** Opening Excerpted data block **
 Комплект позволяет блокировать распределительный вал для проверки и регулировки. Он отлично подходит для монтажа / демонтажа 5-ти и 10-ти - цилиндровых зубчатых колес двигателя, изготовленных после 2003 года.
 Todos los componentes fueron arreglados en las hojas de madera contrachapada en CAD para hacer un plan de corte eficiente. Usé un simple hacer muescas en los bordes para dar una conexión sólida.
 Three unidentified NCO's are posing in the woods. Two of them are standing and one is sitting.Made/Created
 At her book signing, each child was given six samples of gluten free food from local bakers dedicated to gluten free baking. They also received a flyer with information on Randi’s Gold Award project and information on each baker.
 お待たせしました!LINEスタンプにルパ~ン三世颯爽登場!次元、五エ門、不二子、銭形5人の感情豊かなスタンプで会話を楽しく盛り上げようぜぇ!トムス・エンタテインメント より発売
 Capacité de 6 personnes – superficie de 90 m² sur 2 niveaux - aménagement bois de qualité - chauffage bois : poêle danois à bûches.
** Closing Excerpted data block **
** Opening Excerpted data block **
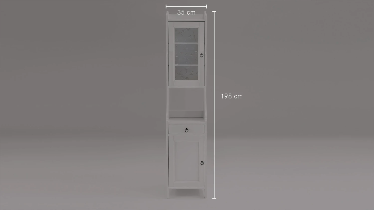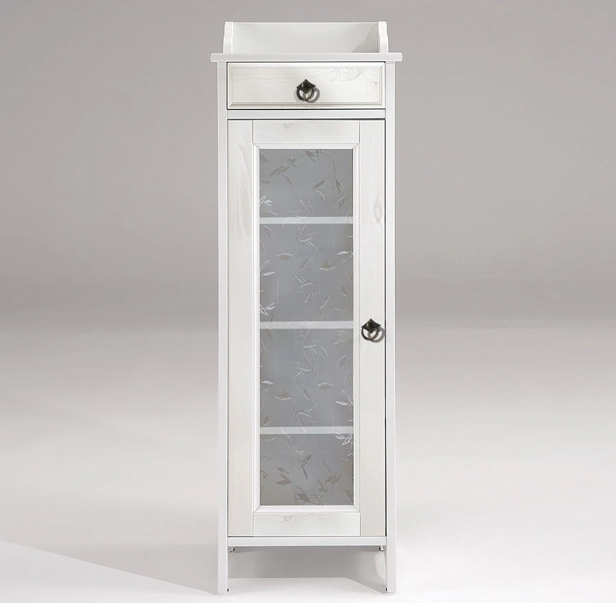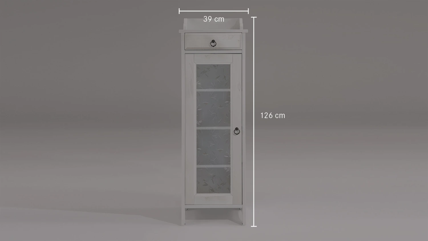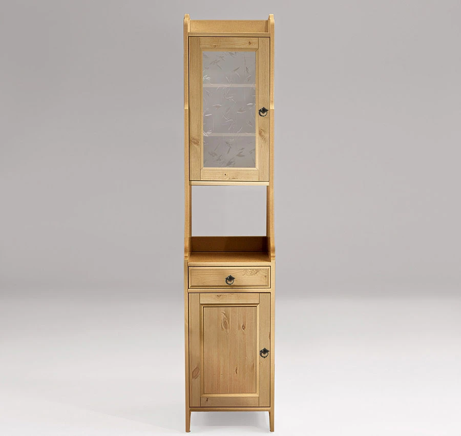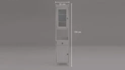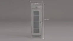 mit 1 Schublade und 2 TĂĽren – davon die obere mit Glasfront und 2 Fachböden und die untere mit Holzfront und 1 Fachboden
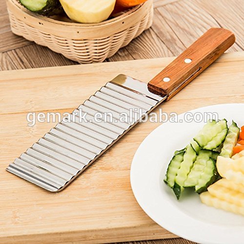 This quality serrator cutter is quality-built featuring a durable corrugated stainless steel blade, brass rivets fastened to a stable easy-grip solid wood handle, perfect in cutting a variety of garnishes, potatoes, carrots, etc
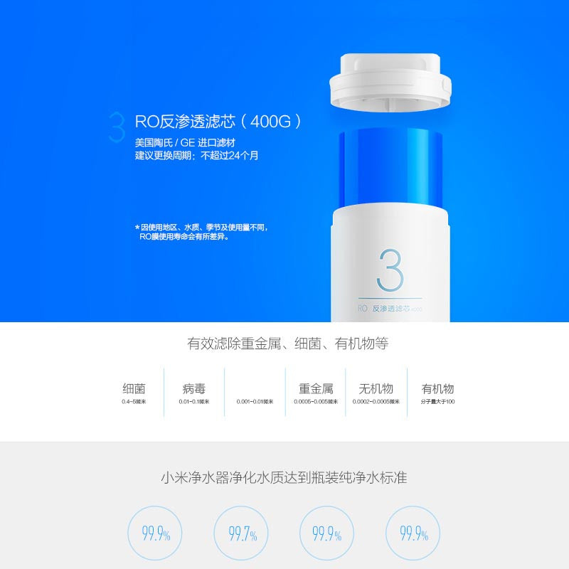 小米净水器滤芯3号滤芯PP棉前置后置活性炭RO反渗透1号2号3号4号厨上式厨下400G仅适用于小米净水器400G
** Closing Excerpted data block **
** Opening Excerpted data block **
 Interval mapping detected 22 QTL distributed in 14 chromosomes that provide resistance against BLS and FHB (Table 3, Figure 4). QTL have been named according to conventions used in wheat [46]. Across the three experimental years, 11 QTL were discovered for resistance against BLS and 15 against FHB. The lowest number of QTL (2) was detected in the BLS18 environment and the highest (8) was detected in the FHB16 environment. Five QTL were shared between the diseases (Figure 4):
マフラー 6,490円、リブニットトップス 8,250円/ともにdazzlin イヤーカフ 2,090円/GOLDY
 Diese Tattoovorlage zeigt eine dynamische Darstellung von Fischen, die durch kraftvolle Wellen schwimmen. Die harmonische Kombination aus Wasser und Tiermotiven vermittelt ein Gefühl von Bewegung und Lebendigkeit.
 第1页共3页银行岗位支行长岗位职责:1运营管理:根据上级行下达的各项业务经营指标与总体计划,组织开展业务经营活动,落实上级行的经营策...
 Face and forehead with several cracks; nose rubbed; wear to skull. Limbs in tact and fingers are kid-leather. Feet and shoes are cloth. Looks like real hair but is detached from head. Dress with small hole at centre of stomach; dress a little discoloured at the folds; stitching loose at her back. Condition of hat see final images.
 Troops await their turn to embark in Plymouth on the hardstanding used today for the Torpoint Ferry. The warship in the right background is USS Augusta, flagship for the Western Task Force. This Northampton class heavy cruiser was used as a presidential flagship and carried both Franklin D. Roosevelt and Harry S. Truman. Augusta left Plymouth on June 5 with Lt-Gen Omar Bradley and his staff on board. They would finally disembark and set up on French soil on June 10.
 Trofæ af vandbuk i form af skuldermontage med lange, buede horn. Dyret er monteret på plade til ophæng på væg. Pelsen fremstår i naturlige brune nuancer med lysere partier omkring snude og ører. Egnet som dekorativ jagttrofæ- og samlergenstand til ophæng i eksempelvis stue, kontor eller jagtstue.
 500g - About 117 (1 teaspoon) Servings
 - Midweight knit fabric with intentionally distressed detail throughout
** Closing Excerpted data block **
● Exercise description
Take the lines above from the one containing "お待たせしました!LINEス" down to the one containing "Capacité de 6", and transcribe them exactly, both ends included.

● Exercise response
 お待たせしました!LINEスタンプにルパ~ン三世颯爽登場!次元、五エ門、不二子、銭形5人の感情豊かなスタンプで会話を楽しく盛り上げようぜぇ!トムス・エンタテインメント より発売
 Capacité de 6 personnes – superficie de 90 m² sur 2 niveaux - aménagement bois de qualité - chauffage bois : poêle danois à bûches.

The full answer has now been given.